For the entries below, repeat exactly each line starting with the one that contains "Biele dámske ponožky" and going on through the one that contains "在推箱子游戏堪称休闲益智领域", and no others.

(Material provided):
※

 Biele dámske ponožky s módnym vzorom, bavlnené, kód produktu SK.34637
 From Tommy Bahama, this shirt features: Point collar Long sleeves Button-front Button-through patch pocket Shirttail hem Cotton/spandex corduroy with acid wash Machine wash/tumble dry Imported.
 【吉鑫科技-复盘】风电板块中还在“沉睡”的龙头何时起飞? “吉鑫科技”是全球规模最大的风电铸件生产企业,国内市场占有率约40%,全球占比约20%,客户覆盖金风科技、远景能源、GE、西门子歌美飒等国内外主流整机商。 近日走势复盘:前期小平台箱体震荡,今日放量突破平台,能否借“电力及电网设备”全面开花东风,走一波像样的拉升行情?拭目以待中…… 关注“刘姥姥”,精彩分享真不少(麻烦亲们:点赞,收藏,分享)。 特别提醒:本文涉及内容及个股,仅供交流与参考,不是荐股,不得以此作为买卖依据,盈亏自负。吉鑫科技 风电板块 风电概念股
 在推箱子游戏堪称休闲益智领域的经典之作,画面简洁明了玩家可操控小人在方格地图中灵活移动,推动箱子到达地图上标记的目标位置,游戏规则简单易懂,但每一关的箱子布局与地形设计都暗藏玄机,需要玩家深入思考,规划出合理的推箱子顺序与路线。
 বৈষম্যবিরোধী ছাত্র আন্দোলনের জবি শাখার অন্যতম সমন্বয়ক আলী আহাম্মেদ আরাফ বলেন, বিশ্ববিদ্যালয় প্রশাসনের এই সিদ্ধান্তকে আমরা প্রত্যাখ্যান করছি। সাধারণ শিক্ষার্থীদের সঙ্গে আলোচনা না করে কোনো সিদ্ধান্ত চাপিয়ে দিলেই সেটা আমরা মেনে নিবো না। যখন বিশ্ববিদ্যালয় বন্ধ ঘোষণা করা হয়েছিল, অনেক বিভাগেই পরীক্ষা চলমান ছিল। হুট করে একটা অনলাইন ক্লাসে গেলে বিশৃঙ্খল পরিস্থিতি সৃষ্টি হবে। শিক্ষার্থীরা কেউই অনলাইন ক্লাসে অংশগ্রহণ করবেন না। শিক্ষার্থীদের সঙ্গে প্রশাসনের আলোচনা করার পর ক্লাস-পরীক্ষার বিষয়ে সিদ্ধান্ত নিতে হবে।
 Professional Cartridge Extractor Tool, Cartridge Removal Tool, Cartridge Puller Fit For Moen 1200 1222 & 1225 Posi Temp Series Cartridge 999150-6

※

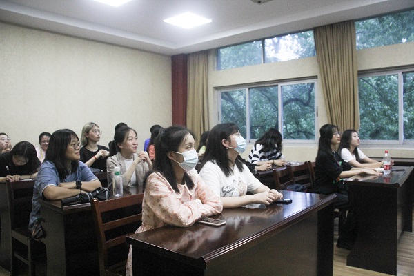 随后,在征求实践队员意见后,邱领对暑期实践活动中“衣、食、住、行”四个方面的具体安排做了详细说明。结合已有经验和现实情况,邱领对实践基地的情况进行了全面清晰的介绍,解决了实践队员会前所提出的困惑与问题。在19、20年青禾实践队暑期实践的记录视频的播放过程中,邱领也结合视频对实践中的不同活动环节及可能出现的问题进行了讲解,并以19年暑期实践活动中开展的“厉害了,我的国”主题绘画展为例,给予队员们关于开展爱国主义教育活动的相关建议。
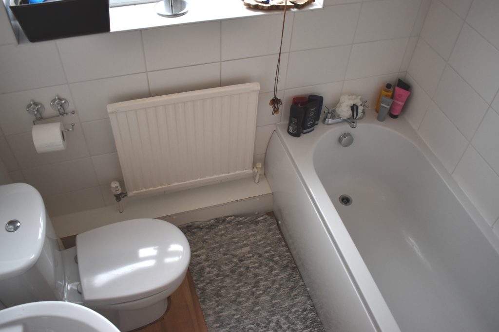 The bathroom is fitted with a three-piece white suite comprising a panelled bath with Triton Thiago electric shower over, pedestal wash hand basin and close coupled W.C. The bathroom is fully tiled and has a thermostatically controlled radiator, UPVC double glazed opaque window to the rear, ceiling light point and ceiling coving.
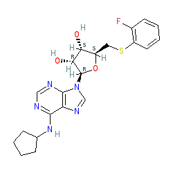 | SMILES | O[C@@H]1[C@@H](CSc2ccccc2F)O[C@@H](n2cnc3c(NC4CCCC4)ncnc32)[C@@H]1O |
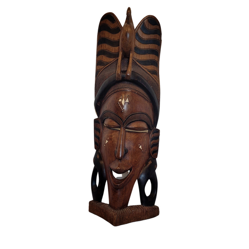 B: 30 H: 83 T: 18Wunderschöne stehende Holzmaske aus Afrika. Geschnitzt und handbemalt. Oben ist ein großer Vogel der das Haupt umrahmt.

※

(Response box):
 Biele dámske ponožky s módnym vzorom, bavlnené, kód produktu SK.34637
 From Tommy Bahama, this shirt features: Point collar Long sleeves Button-front Button-through patch pocket Shirttail hem Cotton/spandex corduroy with acid wash Machine wash/tumble dry Imported.
 【吉鑫科技-复盘】风电板块中还在“沉睡”的龙头何时起飞? “吉鑫科技”是全球规模最大的风电铸件生产企业,国内市场占有率约40%,全球占比约20%,客户覆盖金风科技、远景能源、GE、西门子歌美飒等国内外主流整机商。 近日走势复盘:前期小平台箱体震荡,今日放量突破平台,能否借“电力及电网设备”全面开花东风,走一波像样的拉升行情?拭目以待中…… 关注“刘姥姥”,精彩分享真不少(麻烦亲们:点赞,收藏,分享)。 特别提醒:本文涉及内容及个股,仅供交流与参考,不是荐股,不得以此作为买卖依据,盈亏自负。吉鑫科技 风电板块 风电概念股
 在推箱子游戏堪称休闲益智领域的经典之作,画面简洁明了玩家可操控小人在方格地图中灵活移动,推动箱子到达地图上标记的目标位置,游戏规则简单易懂,但每一关的箱子布局与地形设计都暗藏玄机,需要玩家深入思考,规划出合理的推箱子顺序与路线。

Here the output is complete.